Por isso, mais do que apenas aliviar a dor, pode ser útil perceber que fatores do dia-a-dia e do seu próprio corpo estão a influenciar o seu caso. Essa identificação nem sempre é evidente, sobretudo numa fase inicial. Mas quando existe, permite não só orientar melhor a recuperação atual, como também aumentar a probabilidade de uma recuperação mais completa e consistente ao longo do tempo.



4. Retomar as atividades habituais sem orientação


Com a melhoria dos sintomas, a tendência é voltar gradualmente às atividades habituais (trabalho, tarefas do dia-a-dia ou exercício físico). No entanto, a ausência de dor não significa necessariamente que o problema esteja totalmente resolvido. Se os fatores que contribuíram para o episódio se mantiverem presentes, o corpo pode ainda não estar preparado para lidar com as mesmas exigências. Este regresso à atividade "normal" precocemente ou sem os ajustes adequados pode levar ao reaparecimento do desconforto e limitação.



5. Fazer exercícios retirados da internet


O exercício é, de forma geral, uma parte essencial da recuperação da dor lombar.
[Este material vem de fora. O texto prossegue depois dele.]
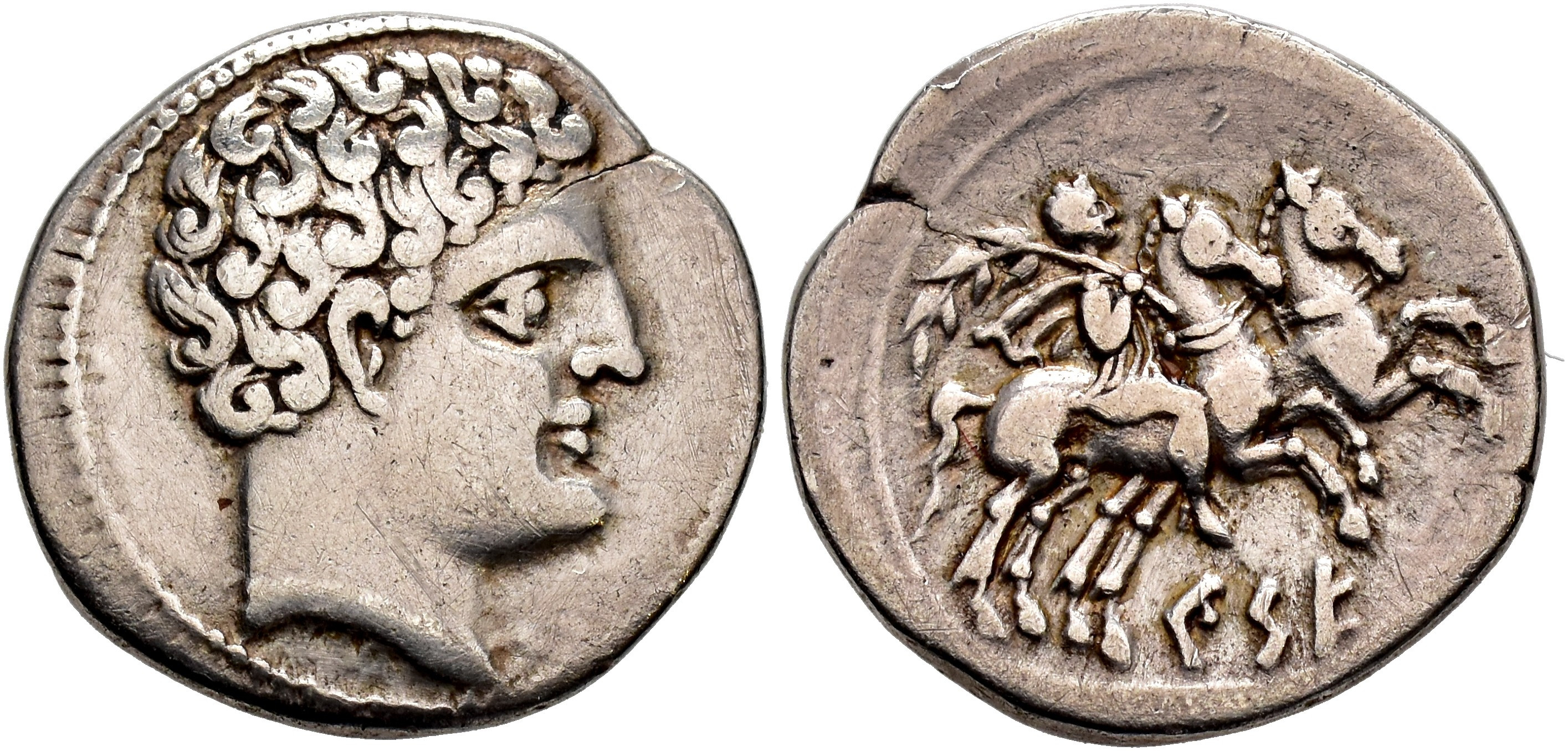 HISPANIA ANTIGUA. KESE. Denario. A/ Cabeza masculina a der. R/ Jinete con palma y dos caballos a der., debajo KeSE. AR 3,96 g. 18,9 mm. I-2267; ACIP-1123. Finas rayitas y pequeña grieta. MBC. Escasa.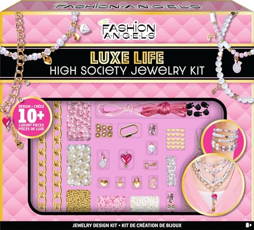 Basic Fun Fashion Angels Luxe Life – High Society Jewellery Kit for Girls – Includes 10+ Luxury Charms, Gold Chains, Gemstone Beads & Tools – Make Elegant DIY Jewellery – Ages 8+

O movimento é necessário. O problema está no tipo de exercício, na intensidade e no momento em que é introduzido. Um programa genérico pode ser adequado para uma parte da população mas pode não ser o estímulo certo para a sua situação específica. Pode sobrecarregar estruturas que já estão sob stress. Pode exigir uma estabilização que ainda não existe. E pode, em vez de ajudar, prolongar o problema. O facto de um exercício "não doer" não significa que esteja a ajudar. E o facto de doer não significa necessariamente que está a prejudicar. Sem contexto clínico, é difícil distinguir. Mais do que "fazer exercício", o que importa é perceber que estímulo o seu corpo precisa — e em que fase está.




6. Ignorar o impacto que a dor está a ter no seu dia-a-dia


Este é, provavelmente, o erro mais silencioso. A dor não precisa de ser intensa para começar a mudar o seu dia-a-dia. Muitas vezes, os sinais são subtis e fáceis de desvalorizar. Precisa de fazer mais pausas. Evita certas posições sem sequer pensar nisso. Está menos disponível no fim do dia. Renuncia a atividades como uma caminhada mais longa, uma tarde ativa com a família sem fazer a ligação direta à lombar. Sente que tem de gerir a energia de uma forma que antes não precisava. Estes sinais não aparecem de repente. Instalam-se aos poucos. E como a adaptação é gradual, raramente se nota a diferença num dia, só se nota quando se olha para trás e se percebe o que se foi perdendo. Quando estes sinais são ignorados, o corpo pode manter-se num estado de adaptação constante, sem recuperar completamente. E o que começou como um episódio pontual torna-se progressivamente mais presente. Avaliar apenas a intensidade da dor é insuficiente. O impacto no dia-a-dia é um indicador tão importante quanto a dor em si.



7. Adiar pedido de ajuda pois a dor "não é assim tão grave"


Esta é a situação mais comum. E, honestamente, faz sentido: esperar que o episódio se resolva sozinho resulta muitas vezes. A dor passa. A vida continua. O problema é o que acontece ao longo do tempo. A recuperação pode ser mais lenta do que o necessário. Os fatores que contribuíram para a dor mantêm-se presentes. A probabilidade de novos episódios aumenta. E o que começou como algo pontual passa a ser algo recorrente que interfere cada vez mais com o dia-a-dia. Não porque se trate de algo grave. Mas porque aquilo que poderia ter sido ajustado numa fase simples deixou de o ser. A questão não é agir por urgência. É ter informação suficiente para perceber o que está a acontecer e o que faz sentido fazer a seguir. Em muitos casos, o que muda tudo não é agir mais cedo — é agir com clareza.




E no seu caso?

Se a dor lombar já o fez parar para pensar, então já é relevante o suficiente para ser compreendida.